Ma nonostante tutto questo, la meravigliosa campagna di solidarietà per la liberazione di Amin ha costretto i suoi rapitori a liberarlo. Questa non è solo una vittoria per la TMI, ma per tutti gli attivisti politici di sinistra di questo paese. Ringraziamo anche altre organizzazioni di sinistra del Pakistan che hanno partecipato con tutto il cuore a questa campagna e si sono uniti alle proteste e alle manifestazioni nonostante intimidazioni e minacce.
La determinazione del compagno Amin è ora più che mai rafforzata. È totalmente impegnato nella causa della rivoluzione socialista in Pakistan, ed è convinto che questa sia l’unica via da seguire per la popolazione oppressa di questo paese. I marxisti hanno ripetutamente affermato che è facile uccidere un uomo ma nessuno può uccidere un’idea la cui ora è giunta.

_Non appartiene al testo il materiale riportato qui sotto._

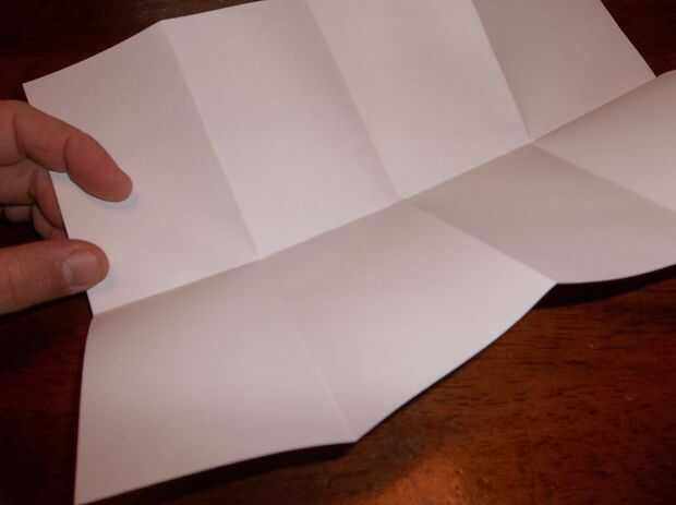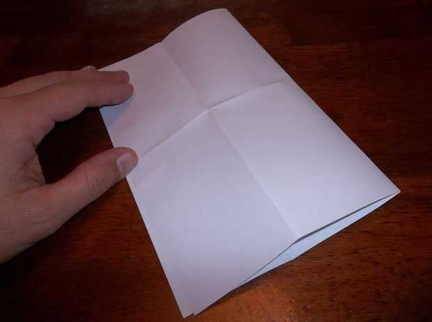 Luego dobla el papel en el medio utilizando un pliegue de "hamburguesa" a lo largo de la pareja actual de pliegues - es un par de arrugas porque de un lado se arruga para arriba, y la otra arrugada abajo.
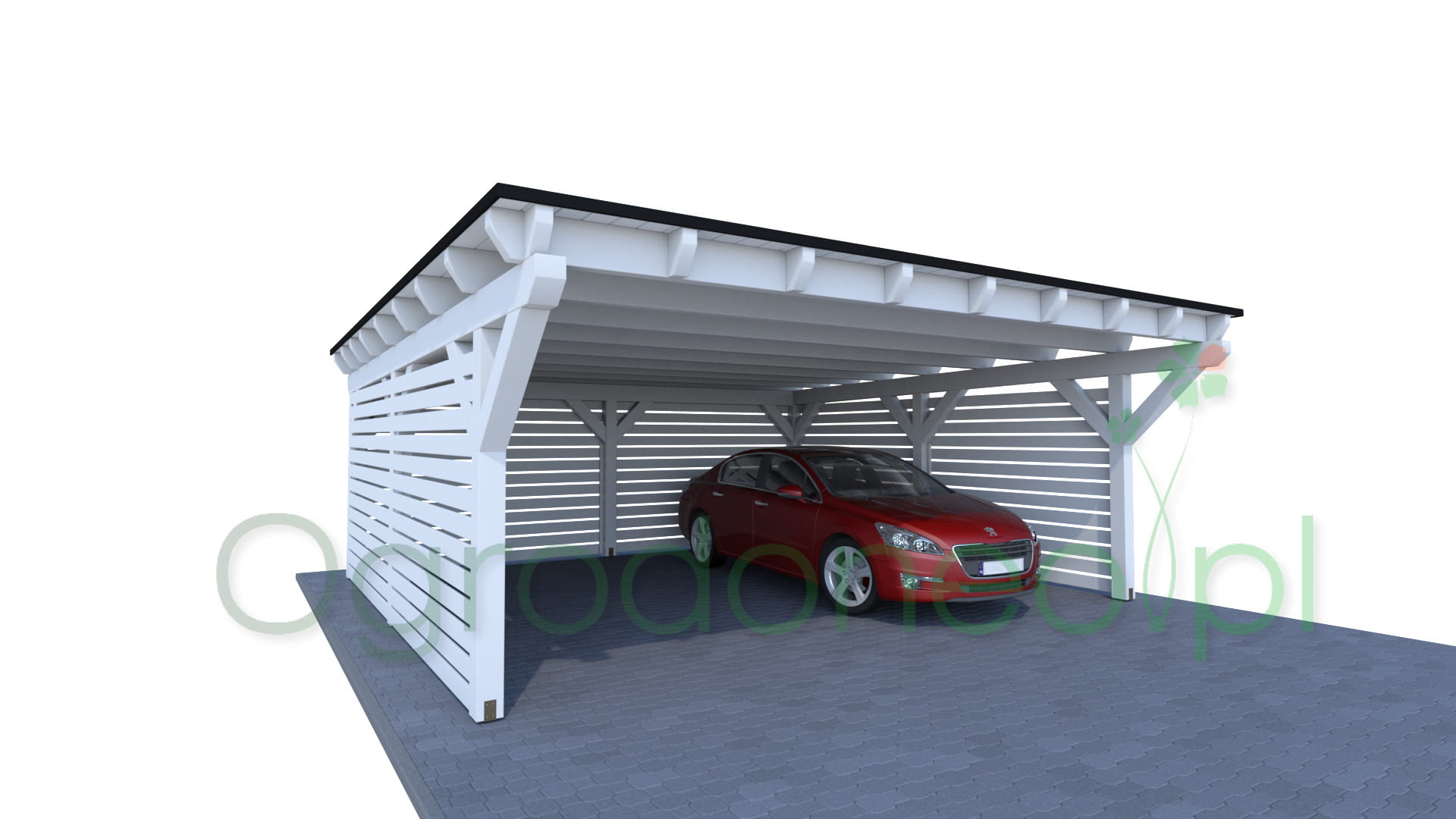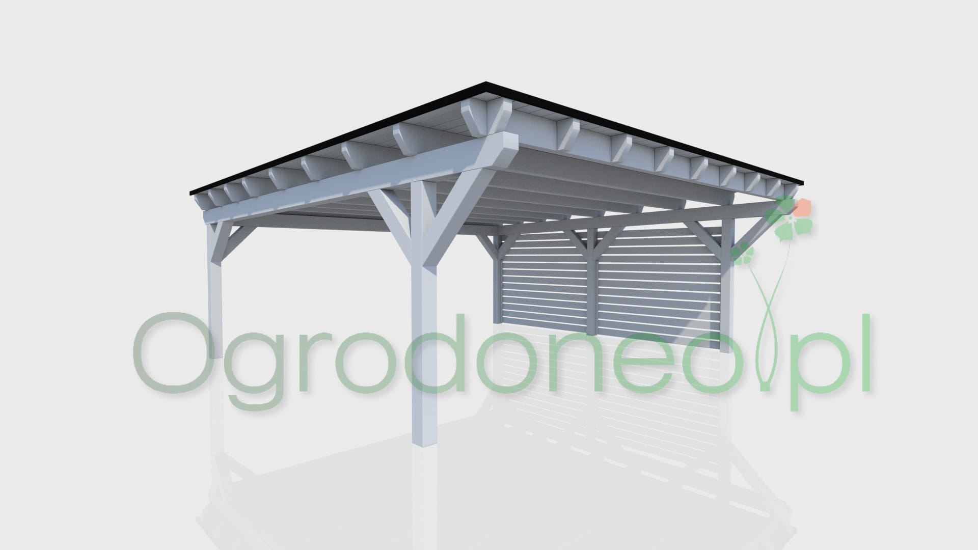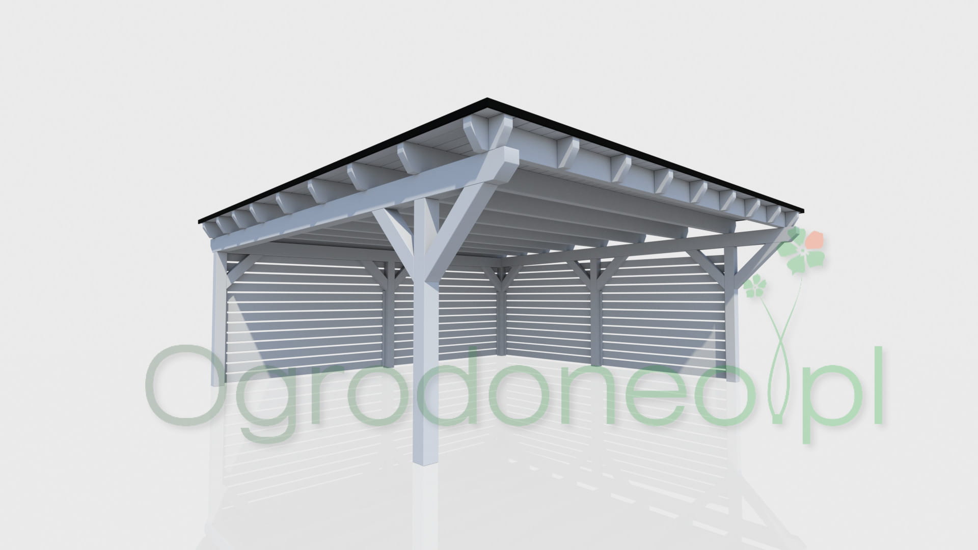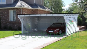 Alba to duża wiata garażowa na dwa auta, o wymiarze zadaszenia 610x600 cm - 36,6 m.kw. Konstrukcja w stylu nowoczesnym, dach jednospadowy. Dzięki zastosowaniu dużych przekrojów drewna (większych niż wynika to z wymogów wytrzymałości) wiata wygląda masywnie. Całość wykonana solidnie i z dbałością o szczegóły. Boki wiaty można dowolnie zabudować, dzięki czemu auta będą lepiej chronione od warunków atmosferycznych. Zabudowa pełni również rolę dekoracyjną.

Ciò vale anche in Pakistan, dove la crisi del capitalismo sta gettando milioni di persone ancor di più in povertà e miseria. Per loro, l’unica via d’uscita da questo abisso è un rovesciamento rivoluzionario di questo orribile sistema basato sullo sfruttamento e sulla brutale oppressione.
Mentre i ricchi continuano a vivere in un lusso sfrenato, i poveri sono costretti a tollerare condizioni brutali e ogni accenno di dissenso e resistenza incontra la tortura e l’oppressione. Ma, come si dice, il momento più buio della notte è poco prima dell’alba: la disperazione della classe dirigente pakistana e i suoi metodi brutali dicono che l’alba di un futuro socialista non è lontana.
I compagni della TMI, tra cui Amin e sua sorella, giurano ancora una volta di lottare per questa nobile causa e continueranno la loro lotta contro queste forze di reazione oscura al loro ultimo respiro. Questa è l’unica speranza per l’intera umanità e sacrificheremo ogni ultima goccia del nostro sangue per questa causa, che è l’unica per cui valga la pena vivere e morire.
Viva la TMI!
Viva la rivoluzione socialista!
Lavoratori di tutto il mondo, unitevi!